Rate Limiting API Requests at the Edge

After working through this guide you will be able to throttle abusive API traffic at the edge gateway before it reaches your origin, using either provider-native rules or a custom Worker backed by a Durable Object token bucket. You will return correct 429 responses with Retry-After and RateLimit-* headers, key limits on API keys instead of shared IPs, and exempt your own internal traffic from the counter.
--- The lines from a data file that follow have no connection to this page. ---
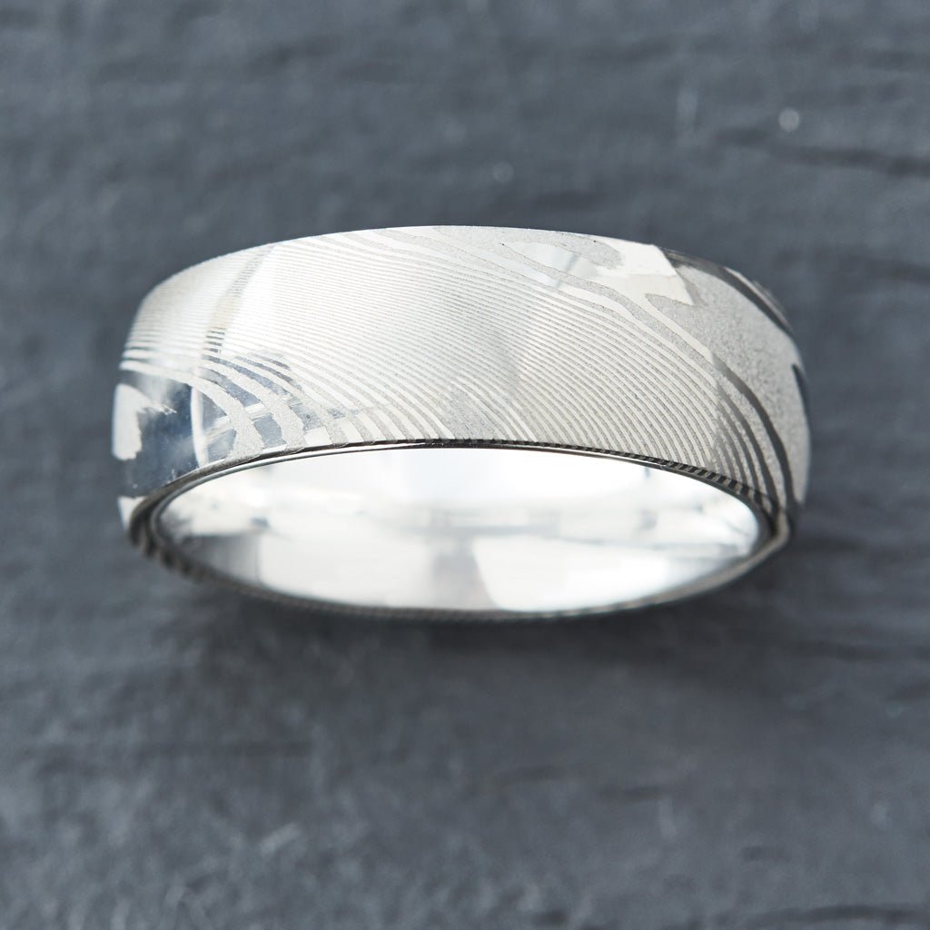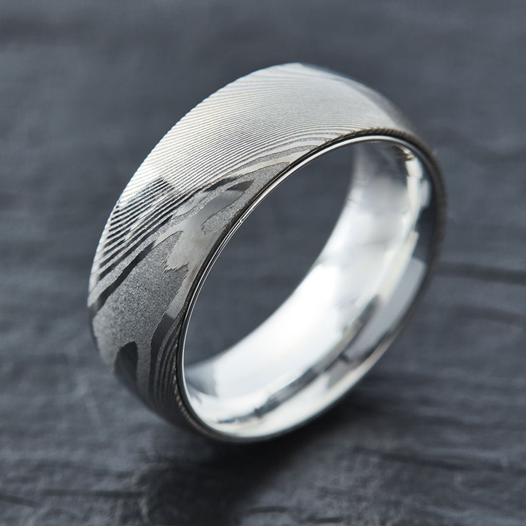 The process of creating a unique silver on silver wood grain begins with hand forging and folding two different types of steel numerous times at extreme heat and intense pressure. Our ring is then introduced into our signature light acid bath, slightly etching away parts of the steel, resulting in a beautiful silver on silver wood grain pattern unique to every ring. Finally, the ring is then polished to an exquisite high shine.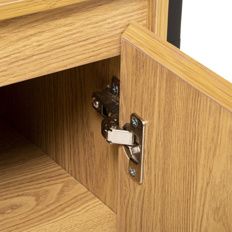 La colonne de salle de bain Tribecart dispose de deux parties. La première parte inférieure, en bas, dispose de trois niches et d’une porte montée sur charnières.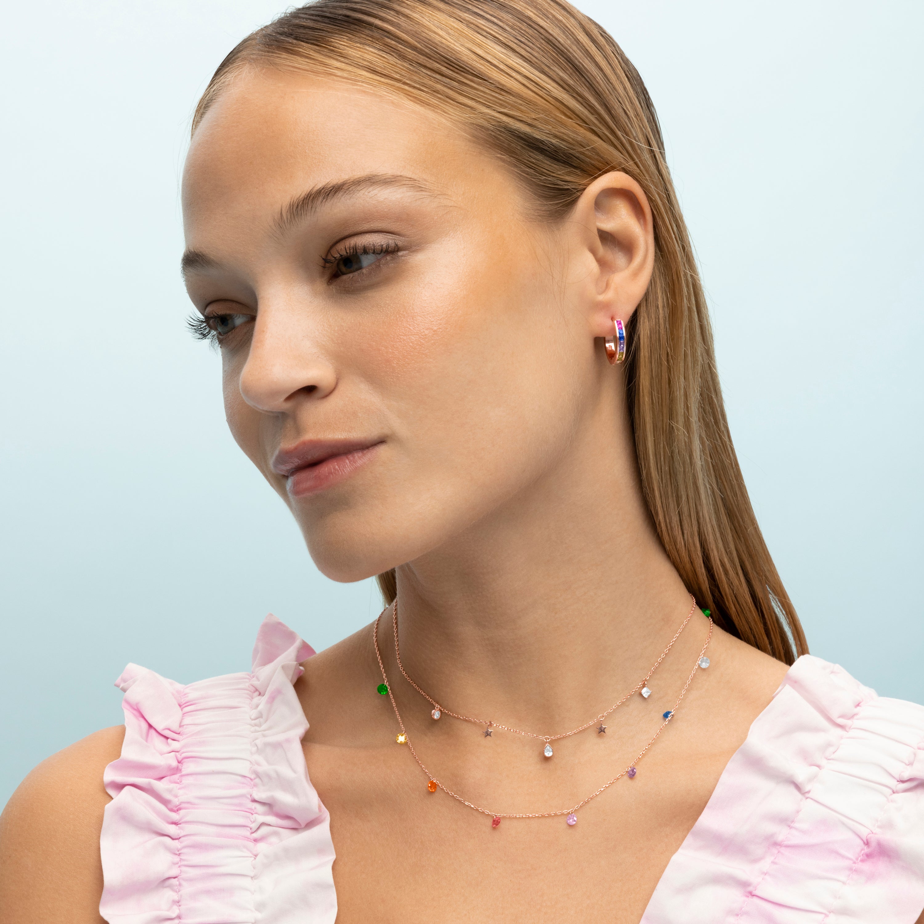 Collar rolcon de plata de ley 925 y circonita multicolor con acabado en baño oro rosa de 18 quilates. Pide un deseo se caracteriza por diseños de carácter joven, repletos de significado y color, originales a la vez que discretos, que pretenden convertirse en pequeños amuletos.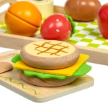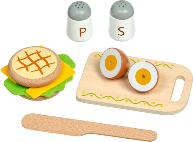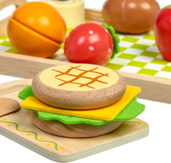 Des composants en bois robustes complétés par des tranches textiles de fromage et de salade. Conception durable et couleurs intenses pour un amusement long et sûr.
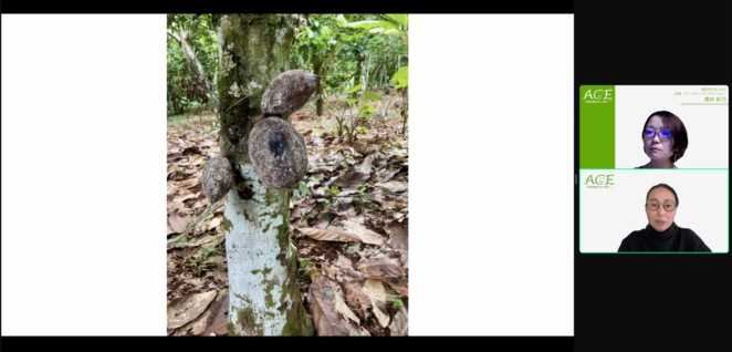いま、ガーナを含む西アフリカでは、気候変動や病害虫の被害、森林伐採、違法な金鉱採掘による土壌汚染などが原因で、カカオの収量が激減してしまっています。この「カカオ危機」の背景にある、農園の管理における課題や違法採掘の問題などについてご説明しました。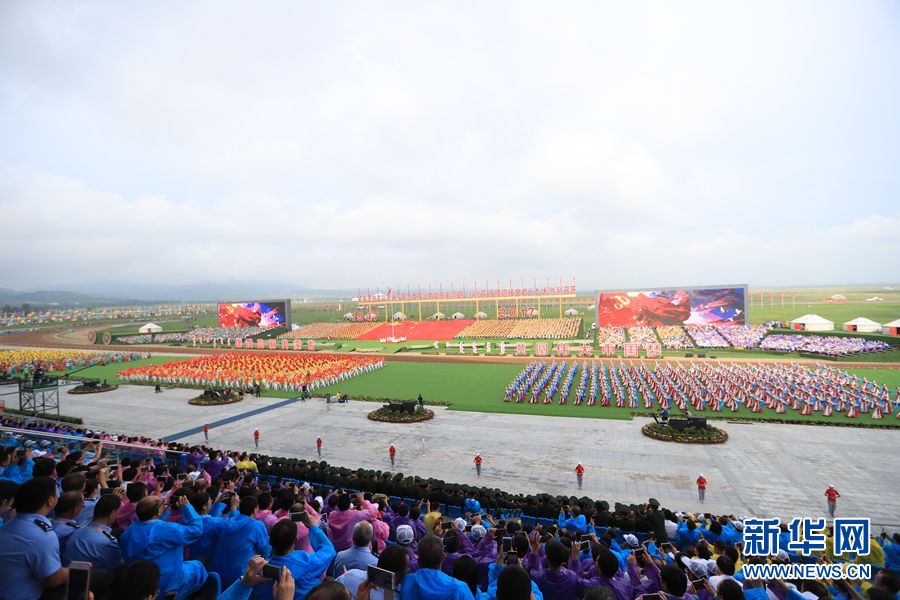8月8日,內(nèi)蒙古自治區(qū)成立70周年慶祝大會在呼和塔拉內(nèi)蒙古少數(shù)民族群眾文化體育運(yùn)動中心舉行。圖為群眾行進(jìn)表演。新華網(wǎng)記者 陳杰 攝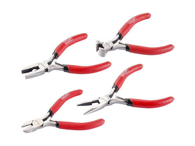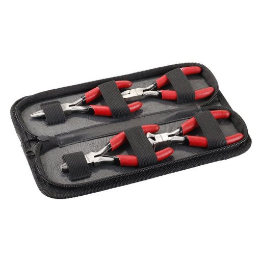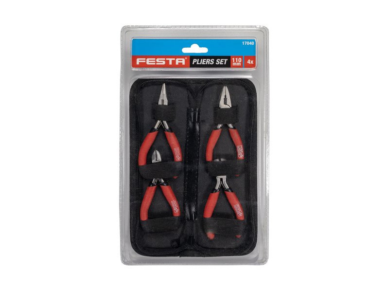 Mini fogó készlet (110mm) praktikus zárható tokban, a készlet tartalma: kombinált, rádiós, oldalsó és elülső vágófogó, gumírozott fogantyúk, kényes műhelymunkához.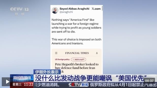 對于美國國防部長赫格塞思的投資經(jīng)紀人曾在美以對伊朗發(fā)起軍事打擊前,嘗試投資防務(wù)類基金一事,伊朗外交部長阿拉格齊3月31日在社交媒體發(fā)文說,沒有什么比為一個外國政權(quán)發(fā)動戰(zhàn)爭、并從被派往前線的年輕士兵之死中牟取暴利,更能嘲諷“美國優(yōu)先”口號的了。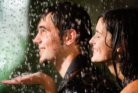 Pod kapima koje su je kvasile, ljubila mu je vrat i nežnu kožu ispod uha. Jednu ruku zavukla mu je u kratku mokru kosu, grleći ga drugom, ležeći na njegovim mišicama kao na najudobnijem ležaju. A onda nasloni glavu na njegovo rame i umiri se kao da sada, zaista, nema više snage.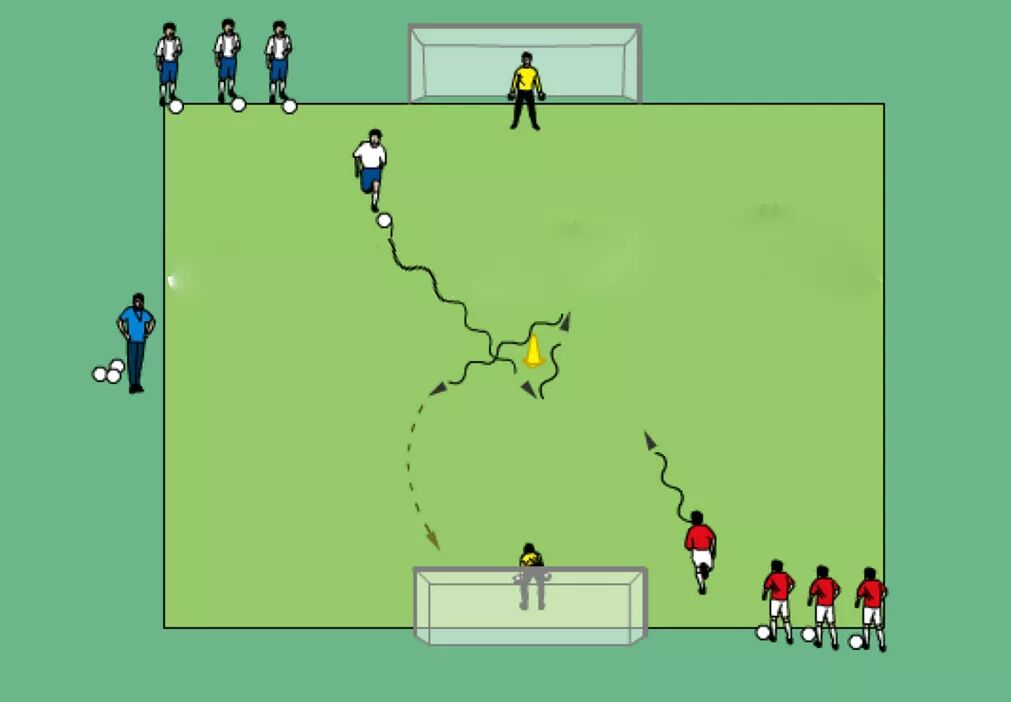 如图所示,2名球员同时围绕中间标志桶运球,然后射门。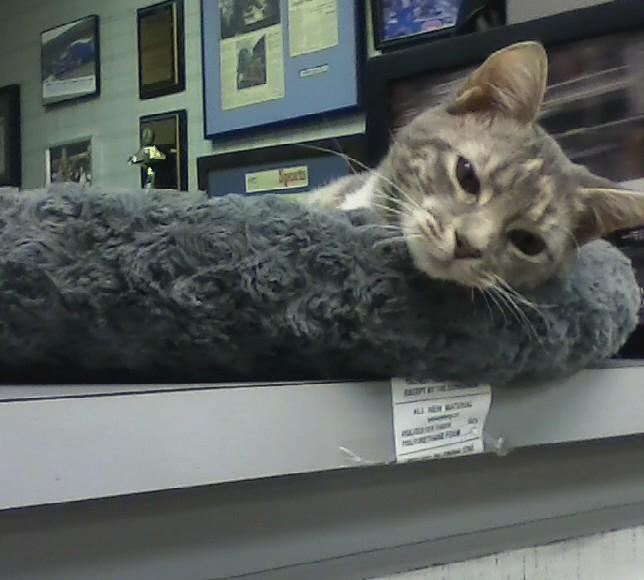 Anyway, when I’m not working or entertaining our friends and customers, I relax in my little kitty bed. It’s on the counter just inside the office door. (Motor Man had to tape it down; I thought it was a fun game to knock it off the counter.)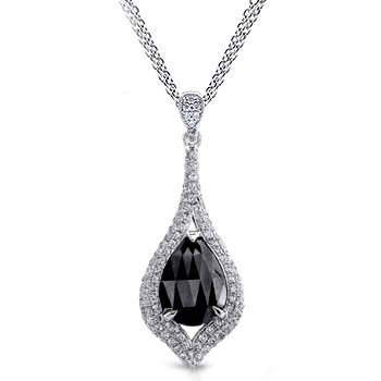 2.62ct Pear Cut Black Diamond & Vs Diamond Pendant 14k Gold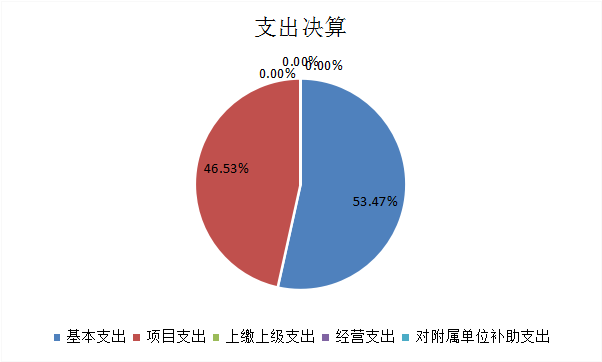 2024年度本年支出合计18691.91万元,比上年减少2622.8万元,下降12.31%,其中:基本支出9995.26万元,占支出合计的53.47%;项目支出8696.65万元,占支出合计的46.53%;上缴上级支出0万元,占支出合计的0%;经营支出0万元,占支出合计的0%;对附属单位补助支出0万元,占支出合计的0%。
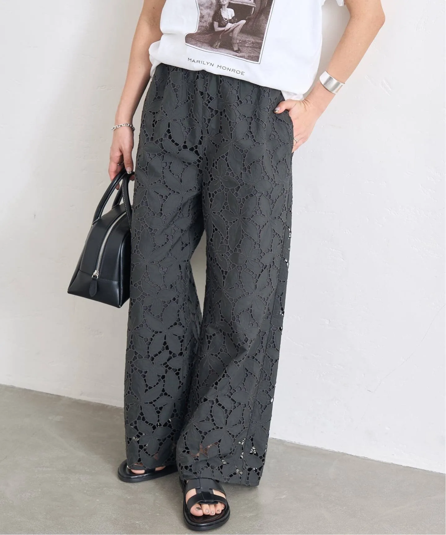 Эти брюки, полностью отделанные кружевом, изготовлены с использованием роскошного количества кружева. Лаконичный, минималистичный дизайн подчеркивает кружево, делая эти широкие брюки смелыми, элегантными и изящными, подходящими как для повседневной носки, так и для торжественных случаев. Оригинальное кружево вышивается и вырезается непосредственно на ткани в отечественном производственном центре и тщательно изготавливается с использованием навыков гордых японских мастеров.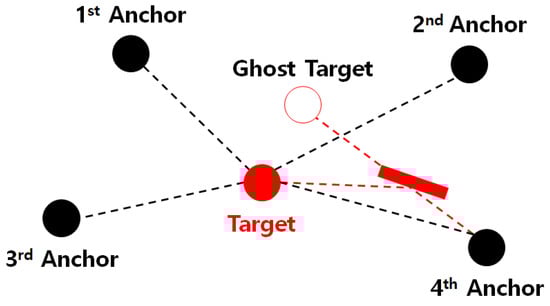 where is target position at the k-th iteration. The system matrix in the state-space model, H, is replaced with the time-varying model, , with the updated distance between target and anchors, in the Equation (26).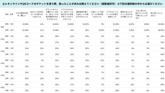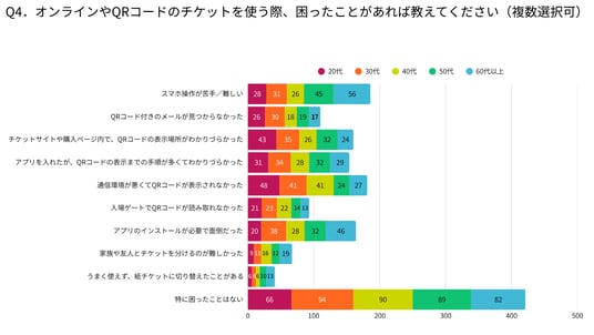 Q4.オンラインやQRコードのチケットを使う際、困ったことがあれば教えてください(複数選択可)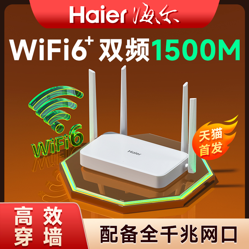 Haier/海尔路由器家用高速全千兆官方旗舰店WiFi6无线穿墙王wifi全屋覆盖宿舍官网5G无线路由器AX1500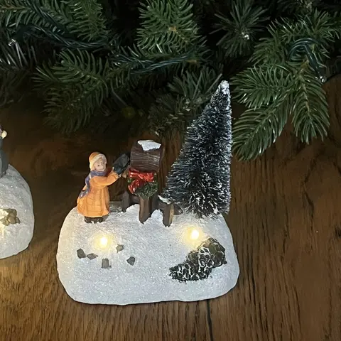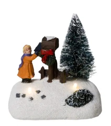 Denne juledekorasjonen viser en søt jente som står ved siden av en klassisk postkasse, klar for å sende julebrev og ønsker. Med sin detaljerte utforming og fargerike design bringer den en nostalgisk følelse av julens tradisjoner. To varmehvite LED-lys lyser opp scenen med en myk og innbydende glød, og skaper en magisk atmosfære i rommet. Dekorasjonen drives av batteri (2 x AAA, medfølger ikke), noe som gjør den enkel å plassere hvor som helst uten behov for stikkontakt. Den praktiske timerfunksjonen lar deg enkelt programmere dekorasjonen til å lyse opp automatisk i ønsket tidsintervall. Laget av polyresin i flerfarget utførelse, måler den 10,5 cm i høyde, 8,5 cm i bredde og 7 cm i dybde. Med IP20-klassifisering og 1 års garanti er dette en robust og holdbar juledekorasjon.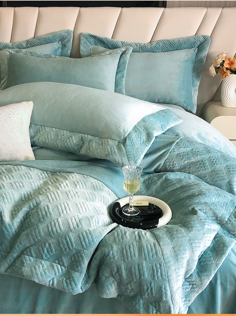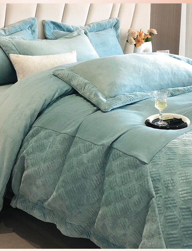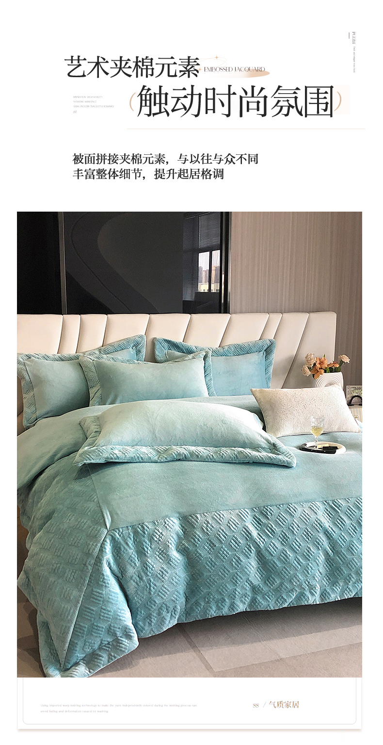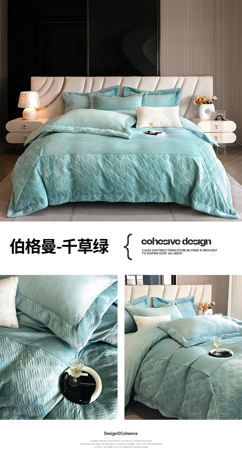 商品名称:保罗圣迪奥 2024新款绗绣大拼角牛奶绒四件套-伯格曼 伯格曼-千草绿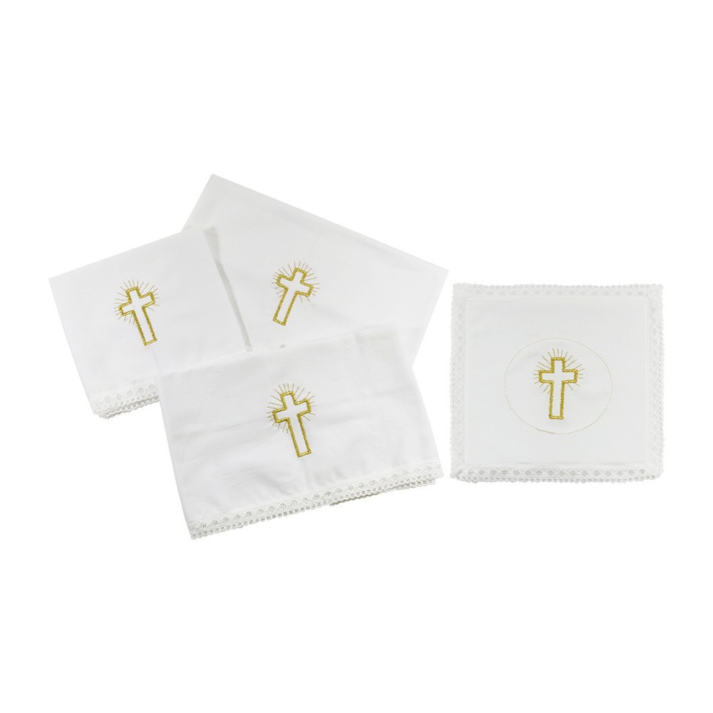 Mass linen set with golden cross embroidery. Made of pure cotton.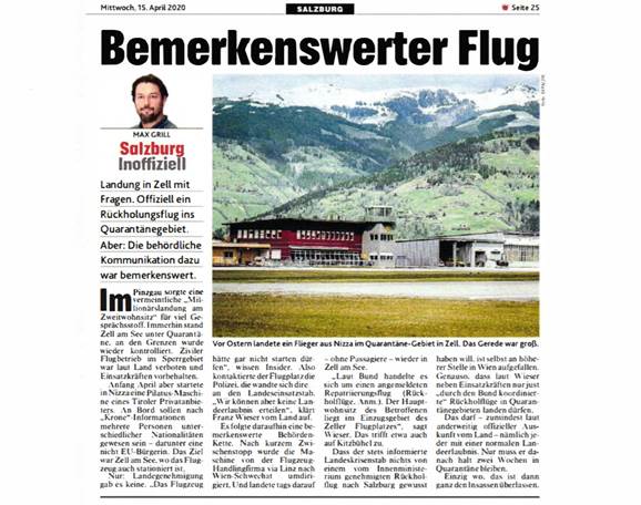Die Kronen-Zeitung berichtete in ihrer Ausgabe vom 15. April 2020 in dem nachfolgend dargestellten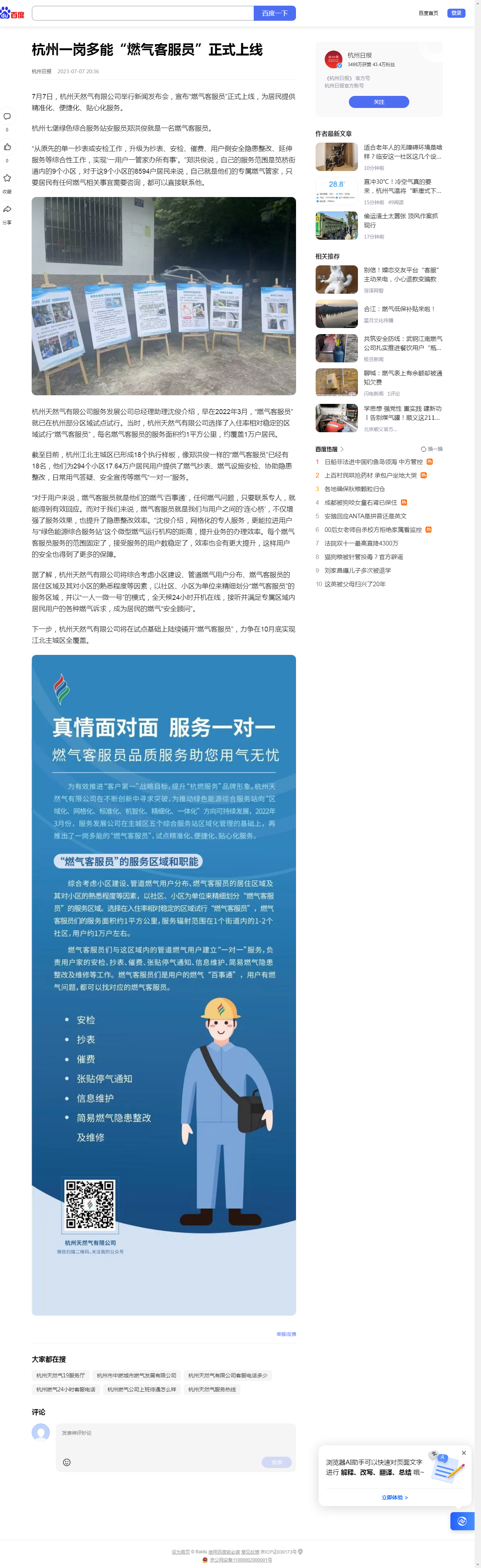 7月7日,杭州天然气有限公司举行新闻发布会,宣布“燃气客服员”正式上线,为居民提供精准化、便捷化、贴心化服务。

Rate limiting at the edge protects the origin from credential-stuffing, scraping, and accidental client loops while the request is still hundreds of milliseconds away from your backend. The hard part is not the check itself — it is keeping an accurate distributed counter across hundreds of points of presence without serializing every request through one hot object. This guide builds a per-key counter that stays consistent and fast.

Key objectives:

  • Choose a stable rate-limit key (API key, token sub, or fallback IP) instead of an easily rotated identifier.
  • Implement a sliding-window or token-bucket counter inside a Durable Object so all PoPs agree on the count.
  • Return 429 Too Many Requests with Retry-After and standards-track RateLimit-* headers.
  • Exempt internal and health-check traffic, and avoid counter hotspots that throttle your own platform.
Token bucket rate limiting flow at the edge An API request reaches an edge Worker, which derives a key, asks a Durable Object token bucket whether a token is available, and either forwards to origin or returns 429. API client + API key Edge Worker derive key, exempt? Durable Object token bucket refill + take() Origin API protected tokens > 0 allow, decrement tokens == 0 429 Too Many Retry-After internal traffic skips bucket one DO instance per key = serialized, consistent count

Native rules versus a Worker token bucket

Before writing code, decide whether you even need a custom counter. Cloudflare’s native Rate Limiting Rules are configured in the dashboard or via Terraform and require zero compute code. They match on path, method, and a characteristic such as IP or a header, then count requests in a fixed period. They are the right tool for coarse abuse protection — for example, “no more than 100 POST /login per IP per minute.” They share the same evaluation surface as your WAF rules that block common attacks, so layering both is normal.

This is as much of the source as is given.